Top Republicans have already recognized the potential of Muslim voters to sway tight elections, particularly in Virginia.
Last year, Ed Gillespie, the former Republican National Committee chairman and a strategist widely viewed as one of his party’s savviest, quietly hired Sarah Cochran, a Muslim American, to serve as deputy director for outreach to that community in northern Virginia for his 2014 Senate race.
Cochran, whose role has been previously unreported, brought Gillespie to two northern Virginia mosques, introduced him to numerous community leaders and took him to more than a half-dozen events to meet Muslim voters. “We had a lot of Ed’s campaign materials translated into Urdu, Farsi, Arabic and Hindi,” Cochran said.
Asked why they didn’t publicize either the outreach or her hiring, Cochran said, “There is an element of the base of the Republican Party in Virginia — and I don’t want to use the word xenophobic — but they’re not ready for the diversity in some of the more urban areas.” Gillespie lost the race by fewer than 20,000 votes. He is now planning to run for governor in 2017.
Gillespie did not respond to requests for comment for this story.
Trump’s proposal this week for “a total and complete shutdown of Muslims entering the United States” has sparked enormous controversy and ensured more time in the spotlight for the Manhattan mogul. At a rally on a retired U.S. Navy aircraft carrier in South Carolina, Trump acknowledged his plan was “probably not politically correct — but I don’t care.”

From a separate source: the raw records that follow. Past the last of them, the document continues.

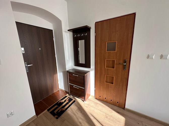 Przedpokój: wieszak z lustrem, szafka na buty, mała komoda.
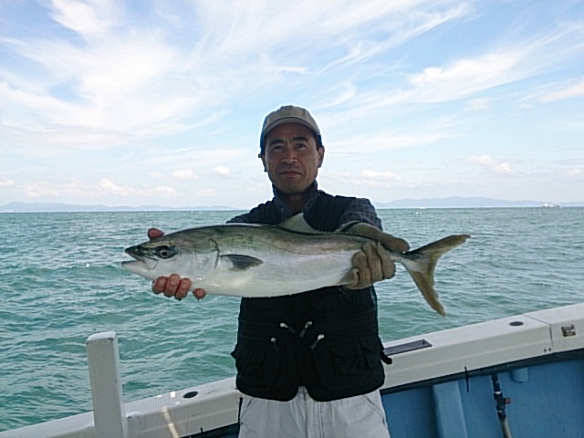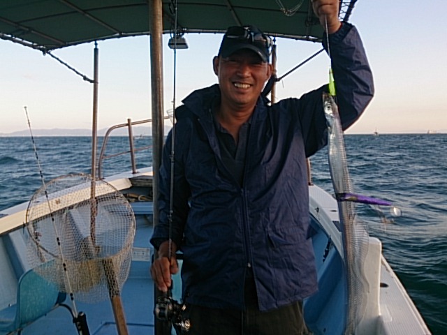 夜明けまで、北よりの風強く心配しましたが、時間経つに連れて落ち着いてきて良かったです。 今日のお客さん、なかなかタチウオの時に恵まれず、本日やっと三年後しにタチウオ釣り出来て喜んでくれました(^^) 良く釣れたのですが型小ぶりばっかりなので、止めて残り時間好きなことして遊んでもらいました(^^) 9月19日(土)晴れ 中潮 波少し高い …
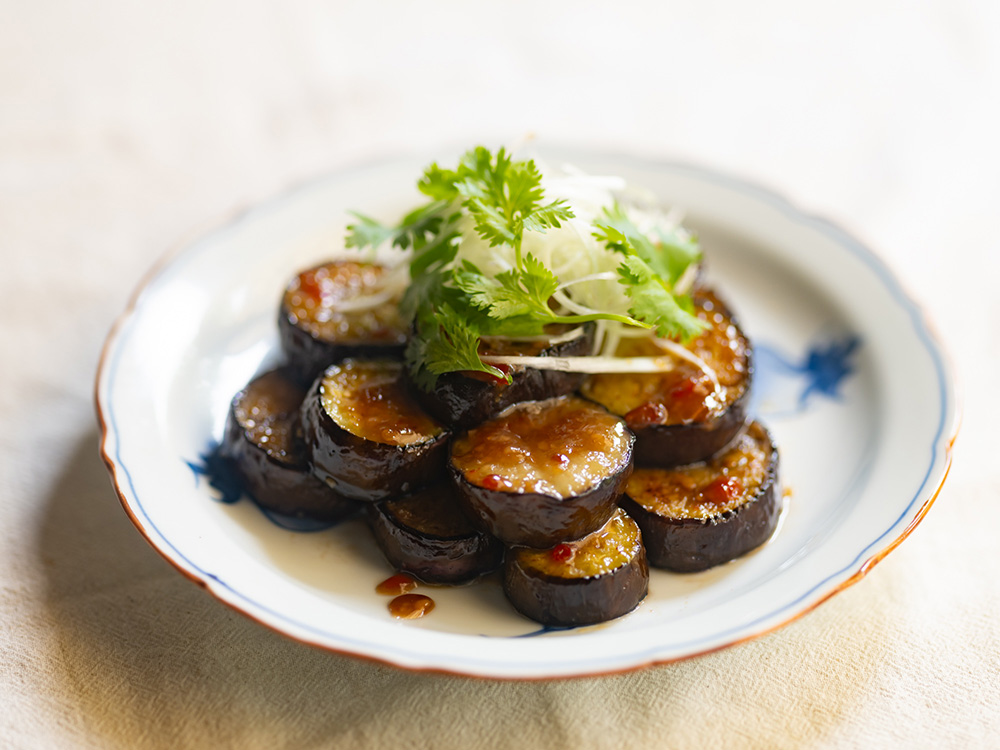 こんがりと焼き目をつけたナスに、スイートチリ味噌だれを合わせるだけ。ズッキーニやかぼちゃなど、ほかの野菜でもおいしい。
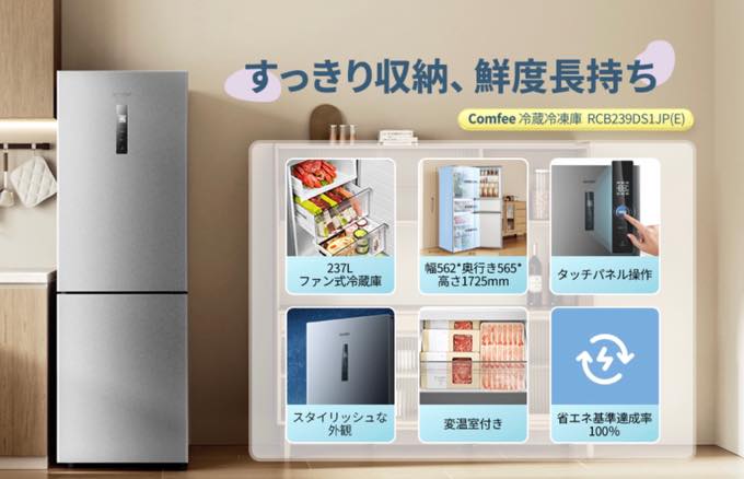 自炊する一人暮らしから二人暮らし、3人家族でも対応できるであろう大容量237Lの「COMFEE RCB239DS1JP(E)」が14%OFFセールを実施している。
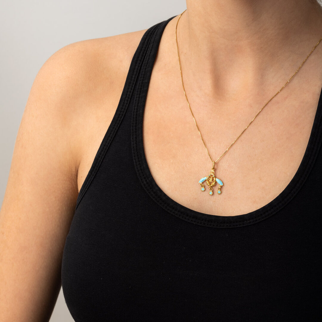 The pendant shown is our 18k Yellow Gold Minoan Bee Pendant (not included).
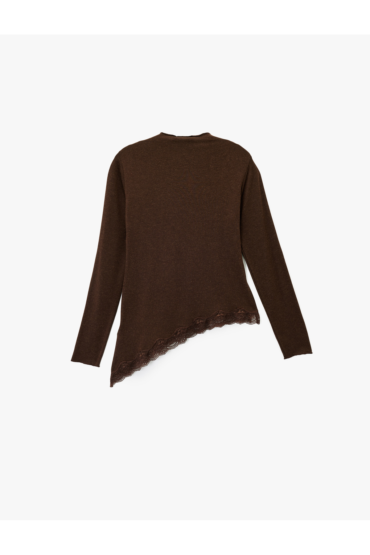 تیشرت آستین بلند یقه گرد نامتقارن طرح معمولی سایز توری
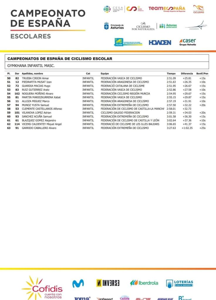 Nico Donat ha logrado la medalla de bronce para la Selección de la Comunidad Valenciana en la prueba de Gymkhana Infantil del Campeonato de España Escolar de Avilés. Manuel Fernández (Cantabria) ha sido el campeón y Bruno Cernuda (Asturias), segundo. Por Selecciones, la FCCV ha finalizado tercera. José Manuel Perales ha sido décimo; Arnau Bort ha ocupado el puesto 34; y Nicolás García, el 36;

“Just like the immigration debate turned Latinos away from the Republicans and toward the Democrats, what Trump is doing now is a similar trend with the Muslim American population,” said Amaney Jamal, a professor of politics at Princeton who has studied the political attitudes of Muslim Americans.
Because the U.S. Census does not collect information about people’s religious affiliations, estimates of the size of the Muslim population vary widely, from 2.75 million, according to Pew Research in 2011, to from 6 million to 7 million, according to the Council on Islamic-American Relations today. The densest concentration is in urban and Democratic states like New York, California, New Jersey and Illinois, but the estimated population is significant in swing states like Virginia, as well as those that have trended Democratic, like Michigan.
“If the election is very close, as it has been in the past, these swing states matter and the Muslim community can be decisive,” said Farid Senzai, the former research director for the Institute for Social Policy and Understanding, which studies Muslims in America and abroad. “Clearly you’re seeing a Republican Party that is increasingly pushing the Muslim community further and further away, and even those Muslims who are naturally more socially conservative.”
For many American Muslims, daily life has already become palpably more stressful in the wake of the terror attacks in Paris, which was orchestrated by the Islamic State, and San Bernardino, which authorities have said was inspired by the radical jihadist group. Trump’s questioning of Muslims and his proposed religious test for entry to America has further exacerbated matters, community members say.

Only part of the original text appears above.